I have tried to find an argument of dplyr::group_split
that allows me to control the ordering of the list it outputs. But I have had no luck.
I have also tried to concisely re-order the list after its creation. I can extract the relevant ranks from the list by:
extract_rank <- function(sub_df){as.numeric(return(sub_df[1,'rank'])}
ranking <- lapply(list, extract_rank)
...and ranking = c(10, 8, 3, 4, 6, 1...) tells me that the first sub_df
in list should actually be in the 10th position etc.

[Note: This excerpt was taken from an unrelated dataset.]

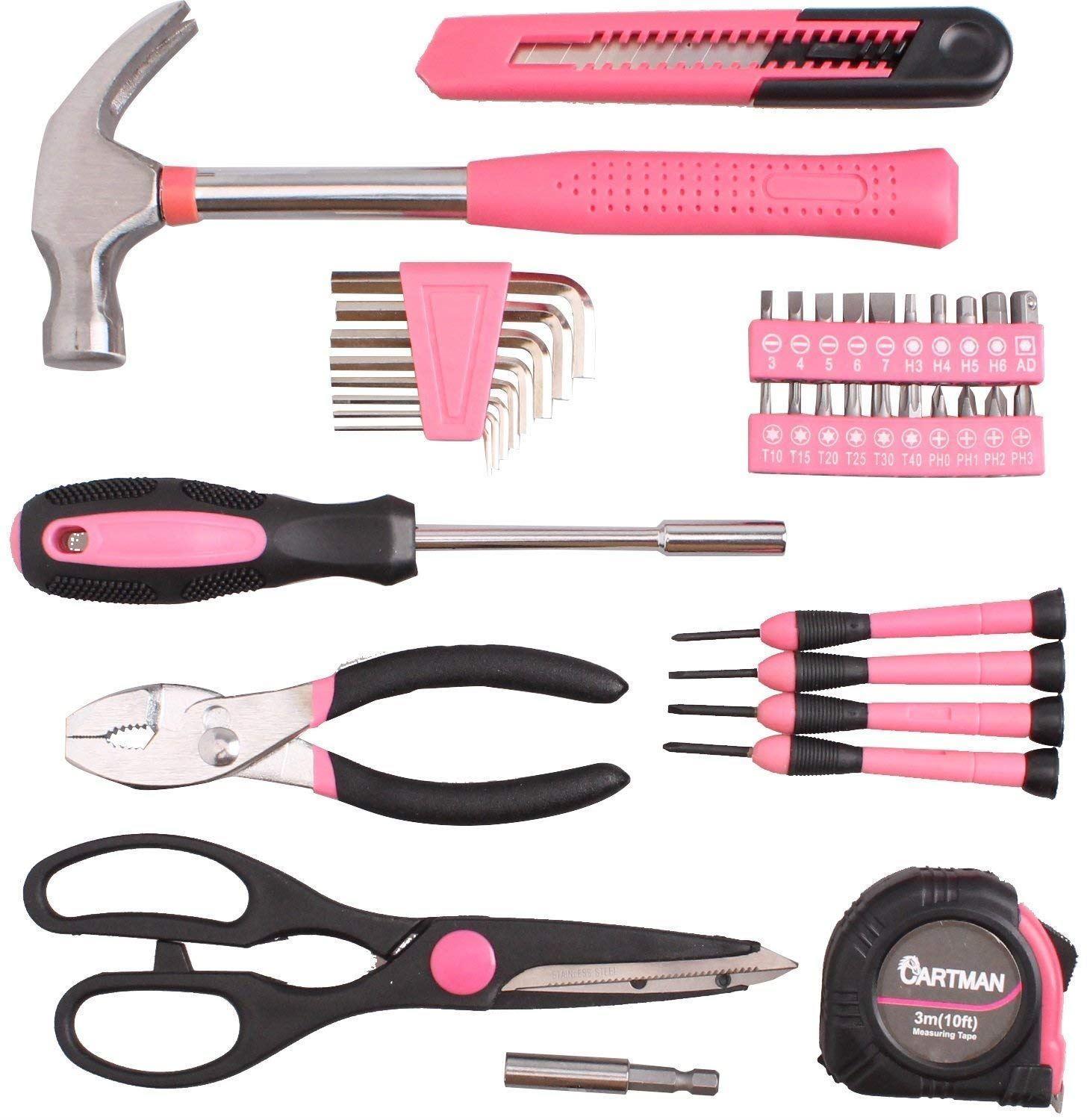 Tímto setem se zavděčíte všem ženám kutilkám. I ženy potřebují čas od času doma něco spravit a nemusí se vždy spoléhat na muže. Po takové samostatné ženy máme tuto šikovnou a pěknou sadu nářadí. Sada obsahuje vše potřebné pro drobné opravy: různé druhy šroubováků, kleště, kladívko, nůž atd. Dohromady zde najdete 39 kusů nářadí.

Can I somehow use ranking to re-order my list of sub_dfs
?
Make a factor
variable that you can split by and has its levels in the order you want. Here's a simple example with mtcars
:
mtcars |>
summarize(mpg = mean(mpg), .by = cyl) |>
mutate(cyl_split = factor(cyl, levels = c(4, 8, 6))) |>
group_split(cyl_split)
# <list_of<
# tbl_df<
# cyl : double
# mpg : double
# cyl_split: factor<37885>
# >
# [3]>
# [[1]]
# # A tibble: 1 × 3
# cyl mpg cyl_split
# <dbl> <dbl> <fct>
# 1 4 26.7 4
#
# [[2]]
# # A tibble: 1 × 3
# cyl mpg cyl_split
# <dbl> <dbl> <fct>
# 1 8 15.1 8
#
# [[3]]
# # A tibble: 1 × 3
# cyl mpg cyl_split
# <dbl> <dbl> <fct>
# 1 6 19.7 6
You can order the factor levels manually, or use a function like reorder
to order them based on a function of another column.
Note that it is not sufficient to order the rows of the data frame with arrange
, you need to order the levels of the factor
column you split by so that they will be in the order you want when they are sorted.